= Eliza Aria =

2003 operatic vocalise

Sheet music

Eliza Aria is an operatic vocalise from the 2003 ballet Wild Swans, composed by Elena Kats-Chernin. The piece was first recorded by soprano Jane Sheldon and the Tasmanian Symphony Orchestra, and released on the ABC Classics label.

This recording was subsequently used in a series of television and cinema advertisements for British bank Lloyds under the tagline "For the journey", launched in January 2007. The adverts were created by agency Rainey Kelly Campbell Roalfe Y&R, and feature animations by Studio AKA. Following the initial minute-long advert, further 30-second instalments were aired.
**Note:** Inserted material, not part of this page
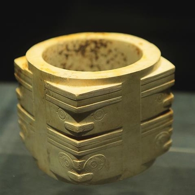 “国之大事,在祀与戎”,在以祭祀和战争为重的古代社会,祭祀是人与神灵沟通的重要方式,其间的媒介便是玉器。中国古代有“天圆地方”的观念,《周礼·大宗伯》中有“以苍璧礼天,以黄琮礼地”的记载,玉璧为圆形,玉琮多是内圆外方,良渚玉器明显已经形成了以璧、琮等为核心的玉礼器系统。从寻常人佩戴的珠串饰品到体现王权、神权的玉璧、玉琮和玉钺,玉器承载了良渚人的整个精神世界。

It began to receive radio airplay in December 2007. In April 2010, research undertaken by PRS for Music revealed that the song is the third most performed in UK television advertising.
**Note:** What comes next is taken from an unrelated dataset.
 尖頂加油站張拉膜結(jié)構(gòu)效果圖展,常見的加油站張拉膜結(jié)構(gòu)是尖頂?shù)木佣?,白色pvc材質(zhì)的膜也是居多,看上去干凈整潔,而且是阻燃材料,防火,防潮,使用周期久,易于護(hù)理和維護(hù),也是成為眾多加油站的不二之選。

Following the success of the advertisements, the recording of the suite was re-issued by ABC Classics with a new cover depicting a scene from the advert and from 2011 onwards has been used as the theme music for the ABC Radio National programme Late Night Live, replacing another piece of hers, the ragtime "Russian Rag".

At the conclusion of the 2018 Commonwealth Games at the Gold Coast, Queensland, Australia, Australian soprano Greta Bradman and boy treble Luke Harrison, supported by the Queensland Ballet and guitarist Karin Schaupp, performed "Eliza Aria" during the lowering and handover of the Commonwealth Federation flag from the 2018 Commonwealth Games to the 2022 Commonwealth Games in Birmingham, England.